Add feature importance calculation

Blue-Yonder-OSS / cyclic-boosting

implementation of Cyclic Boosting machine learning algorithms

Eclipse Public License 2.0

87 stars 15 forks source link

Add feature importance calculation #41

Closed lbventura closed 1 year ago

lbventura commented 1 year ago

By including set_feature_bin_weighted_average in CyclicBoostingBase cb_features. I think this is a rather inefficient way of doing this as the feature importances get computed in each iteration of _fit_main (https://github.com/Blue-Yonder-OSS/cyclic-boosting/blob/main/cyclic_boosting/base.py#L691), which is redundant as only the final feature importances are required. It was done because:

set_feature_bin_weighted_average has to be called before feature.unbind_data
it avoids introducing a new call to feature.bind_data(X, weights, False)
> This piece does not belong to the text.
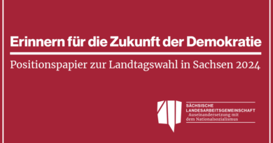 Die sächsische Landesarbeitsgemeinschaft Auseinandersetzung mit dem Nationalsozialismus (sLAG) schlägt die Verabschiedung eines erinnerungspolitischen Gesamtkonzepts für Sachsen vor. Die Idee beruht im Wesentlichen auf zwei Befunden: Zum einen birgt die angespannte Haushaltslage des Freistaats die Gefahr, dass lang gewachsene Strukturen der politisch-historischen Bildung erodieren und relevante Themen aus dem Fokus geraten oder zur Debatte stehen. Zum anderen ist die Erinnerungskultur mit ihrem Wirken gemäß einer gelebten Demokratie mehr denn je ein umkämpftes, vom Geschichtsrevisionismus bedrohtes Feld.
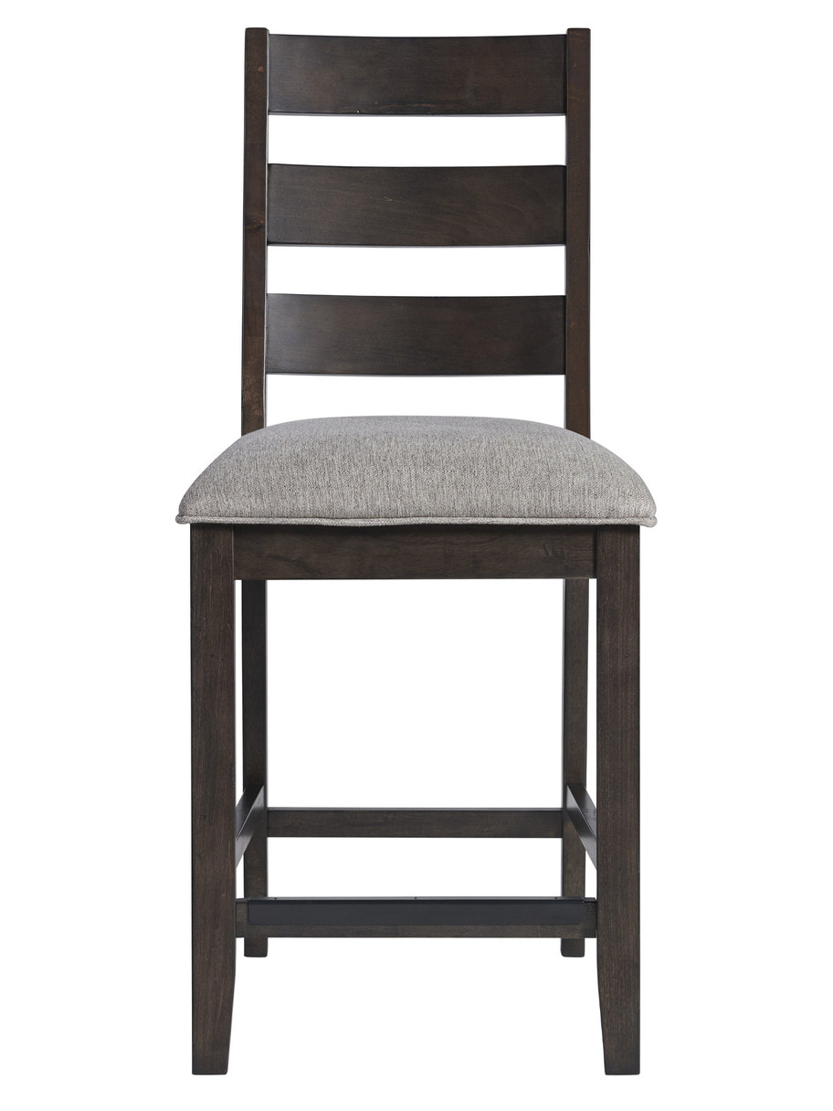 - Ladder-back stools upholstered in a light Gray polyester blend

Alternatively, one could iterate over the features and 1) bind_data, 2) compute the weighted average, and then 3) unbind_data, for example, here https://github.com/Blue-Yonder-OSS/cyclic-boosting/blob/main/cyclic_boosting/base.py#L724

FelixWick commented 1 year ago

Yeah, we should not do the calculation in each iteration.
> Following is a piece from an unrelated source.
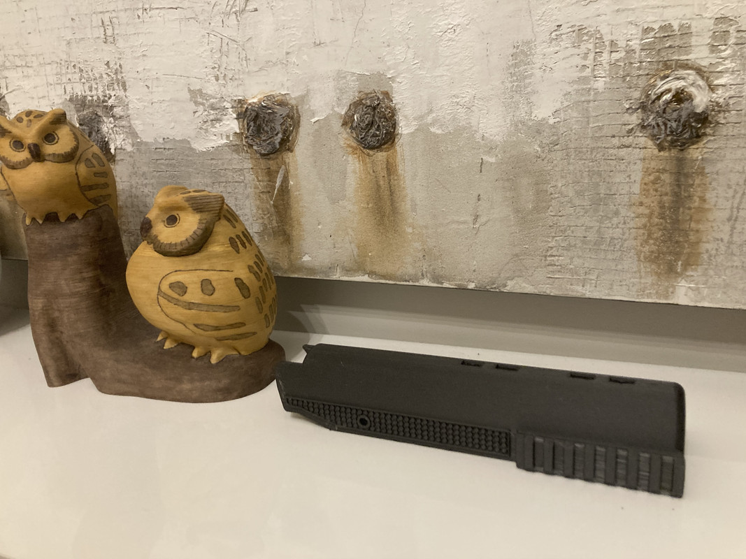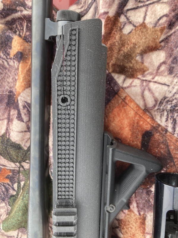 The fore stock was performing perfectly. It chewed through all the 2 3/4” shells I could throw at it. She ate the 2 3/4” buckshot and slugs no problem. Then came the 3” Magnum buckshot. The CF-PLA decided to split, right where the action bars attach to the stock. Damn thing blew one of my pins out into the snow, yea that’s a goner. The other pin was stuck in the plastic. I’m thinking 12g > CF-PLA at this point. Video will be posted to Twitter.

As quick implementation, you can go with your proposed alternative, it's not too expensive.

But in fact, we might also do a refactoring, all the unbinding and re-binding in the middle of the fitting is not needed, I think.

lbventura commented 1 year ago

Cool, I'll will follow your suggestion then and try to remove the feature.unbind_data which is currently preventing the computation outside of the loop.

lbventura commented 1 year ago

Just removed unbind_data and refactored.

FelixWick commented 1 year ago

It would be nice to include the estimation of feature importances for one of the integration tests, just as sanity check to see if the method produces reasonable results.

lbventura commented 1 year ago

It would be nice to include the estimation of feature importances for one of the integration tests, just as sanity check to see if the method produces reasonable results.

I am not 100% sure if this is what you are referring to: https://github.com/Blue-Yonder-OSS/cyclic-boosting/pull/41/files#diff-d8c7322bad71404522a489cb47c789fd4e6ec02b09f93563b51c1d599d4d9707R7

See screenshot below with how the results of the test look like: one can identify the features through the FeatureID.feature_group attribute, but this is not super clear as it does not provide information about the original feature name (say, day_of_week). Maybe we can edit FeatureID so that it includes the original feature name?

FelixWick commented 1 year ago

I mean to use the data in the integration test, because it is a quite realistic simulation and we expect the most informative features (which we know for this) to have highest feature importance. To your issue with the feature name, I think you already have access to this. There is just no feature names for the simple test you used. In the integration tests there should be names.

lbventura commented 1 year ago

I mean to use the data in the integration test, because it is a quite realistic simulation and we expect the most informative features (which we know for this) to have highest feature importance. To your issue with the feature name, I think you already have access to this. There is just no feature names for the simple test you used. In the integration tests there should be names.

Both issues have been addressed, I believe